How do You Treat These Co-Occurring Disorders During Addiction Treatment?
How Do Psychiatrists and Other Specialists Help Treatment of Co-Occurring Disorders?
Psychiatrists and other specialists can help with co-occurring disorders in many ways during LGBTQ addiction treatment. Psychiatrists are trained to properly diagnose and treat underlying conditions that an individual may have. Continued therapy and other resources can be used throughout treatment in order to get the best results in treating both the addiction and co-occurring conditions. It is imperative that both disorders are treating alongside one another because the two issues could feed into one another.
A Further Discussion on Addiction and the LGBTQ+ Community
What Substances Are Most Abused in the LGBTQ+ Community?
LGBTQ members can be more susceptible to alcohol addiction. When someone undergoes high amounts of stress, it can be easy to lean on alcohol and get into the habit of binge drinking. Alcohol is a substance that is commonly used to cope with mental health issues or traumatic experiences that may be causing someone distress.
Stimulant drugs may also be abused by LGBTQ members. Mental health issues, like post-traumatic stress disorder and anxiety, can cause insomnia, which might make someone want to lean on stimulant drugs for energy. Stimulants can be very addictive as they have the potential to cause a myriad of negative effects and undesirable impacts on someone’s life.
Opioid addiction is also more common amongst the LGBTQ community. Opioid addiction affects many people every year, especially those who try to use opioids as a recreational substance or to self-medicate when dealing with various other underlying conditions.
Challenges the LGBTQ+ Community Faces
Many LGBTQ members face a lot of discrimination in their daily lives. Many who come out to their families face rejection and negative feedback from family members. Other LGBTQ members also face discrimination every day at work, school, or even in their social lives.
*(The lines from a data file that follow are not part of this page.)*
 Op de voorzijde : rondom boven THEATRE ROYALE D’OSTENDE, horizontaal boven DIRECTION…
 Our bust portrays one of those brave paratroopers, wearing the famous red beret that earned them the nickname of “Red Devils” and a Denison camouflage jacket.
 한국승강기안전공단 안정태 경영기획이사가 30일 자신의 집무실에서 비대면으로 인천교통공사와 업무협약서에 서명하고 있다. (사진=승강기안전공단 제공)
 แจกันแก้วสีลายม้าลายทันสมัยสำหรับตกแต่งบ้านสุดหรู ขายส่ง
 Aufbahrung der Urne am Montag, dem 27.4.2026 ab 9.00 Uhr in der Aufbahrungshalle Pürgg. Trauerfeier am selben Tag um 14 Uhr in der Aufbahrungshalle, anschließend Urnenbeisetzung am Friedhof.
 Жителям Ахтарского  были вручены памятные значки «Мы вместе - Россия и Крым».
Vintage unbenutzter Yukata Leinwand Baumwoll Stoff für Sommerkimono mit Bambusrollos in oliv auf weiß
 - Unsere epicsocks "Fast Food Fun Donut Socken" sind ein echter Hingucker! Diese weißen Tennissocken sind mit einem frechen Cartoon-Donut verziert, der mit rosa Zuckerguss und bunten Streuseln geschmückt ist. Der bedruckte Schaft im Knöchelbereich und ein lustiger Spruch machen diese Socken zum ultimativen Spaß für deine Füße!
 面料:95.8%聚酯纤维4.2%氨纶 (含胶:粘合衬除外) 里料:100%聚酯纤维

Trauma-Informed Care Approach in Addiction Treatment
Trauma informed care should be put in place during LGBTQ addiction treatment since LGBTQ individuals are much more likely to experience trauma at some point during their lives. This helps ensure the comfort and security of patients during the treatment process by understanding their trauma and how it affects them.
Care that is trauma-informed also helps patients and care providers recognize the effects of trauma so they can work through underlying issues and begin to learn how to cope with the effects that trauma have had.
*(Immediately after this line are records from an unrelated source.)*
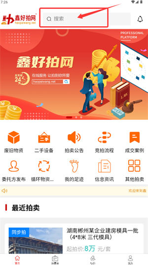 2、返回首頁(yè),在頂部搜索欄輸入拍賣品關(guān)鍵詞進(jìn)行精準(zhǔn)檢索。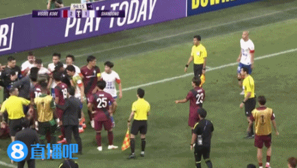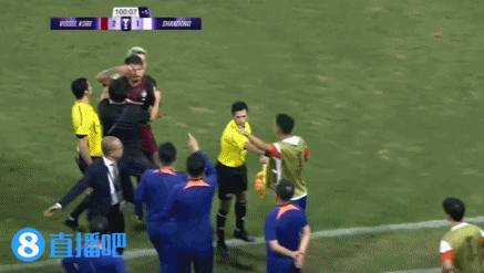 主裁判直接吹响比赛结束的哨声再度引发泰山球员不满。↓
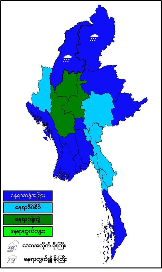 လာမည့် စနေ၊တနင်္ဂနွေအားလပ်ရက်များအတွက် မိုးလေဝသခန့်မှန်းချက်မှာ   နေပြည်တော်နှင့် ရန်ကုန်တိုင်းဒေသကြီးတို့တွင် နေရာအနှံ့အပြားနှင့် မန္တလေးတိုင်းဒေသကြီးတွင် နေရာကျဲကျဲ မိုးထစ်ချုန်းရွာမည်။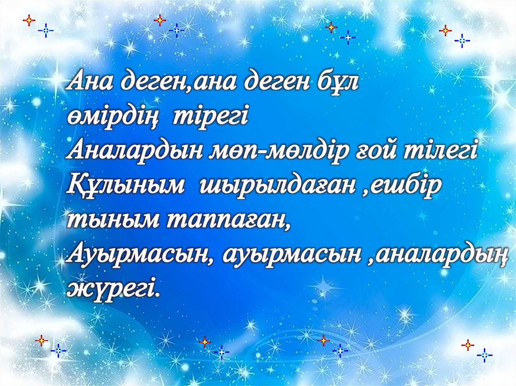 Әр адам жарық дүниеге келгенде мейірімді,жүрегі жылы жанды көреді. Ол - Ана.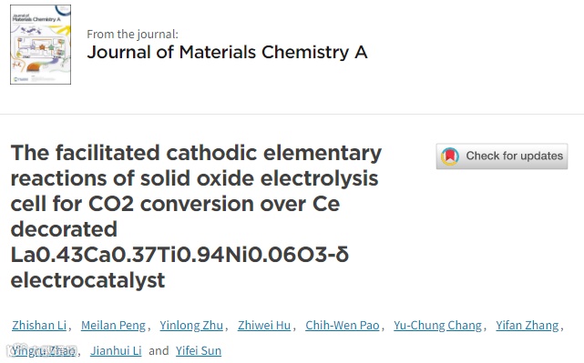 基于此,来自厦门大学的孙毅飞副教授在期刊Journal of Materials Chemistry A上发表题为“The Facilitated Cathodic Elementary Reactions of Solid Oxide Electrolysis Cell for CO2 Conversion over Ce Decorated La0.43Ca0.37Ti0.94Ni0.06O3-δ Electrocatalyst”的研究论文。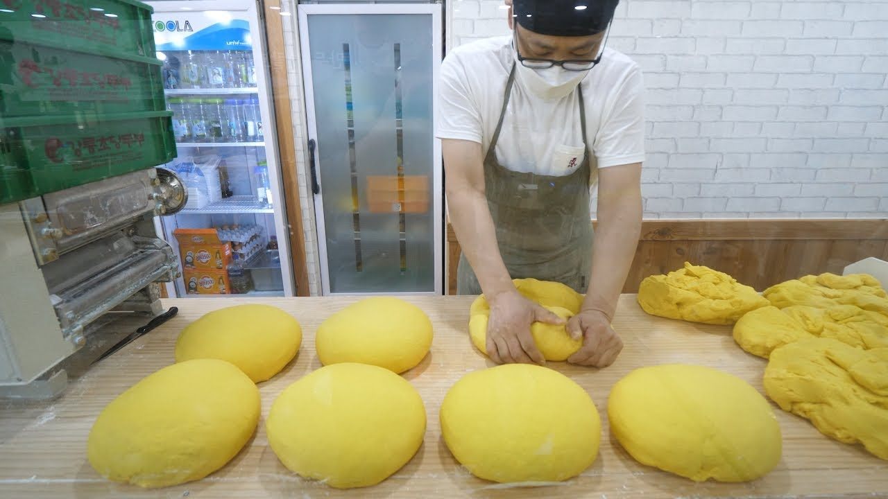 韩国面店达人现场制作手工刀切面,看着干净吃起来美味!

Addiction Treatment Options
Detox is one of the first steps in the treatment process. When someone first stops taking an addictive substance, they will experience withdrawal symptoms. Treatment centers can help patients get through this difficult period of the recovery process and make it as safe and as comfortable as possible.
Inpatient treatment involves staying at a treatment center for a duration of time while detoxing, receiving therapy, and working on a long-term plan for success. Inpatient treatment is a good option by putting patients in a stable environment that is away from temptations.
For those who struggle with an addiction that is less severe, outpatient treatment may be a good option. Outpatient rehab will allow you to continue living at home, so you don’t have to neglect family or work responsibilities while receiving treatment. Outpatient treatment requires that you go to a treatment center at designated times throughout the week to work on a treatment plan and receive therapy.
Medication assisted treatment may also be used during the treatment program to help ease withdrawal symptoms and prevent a relapse from occurring. Many medications have been studied, tested, and developed to make the treatment process easier and more effective.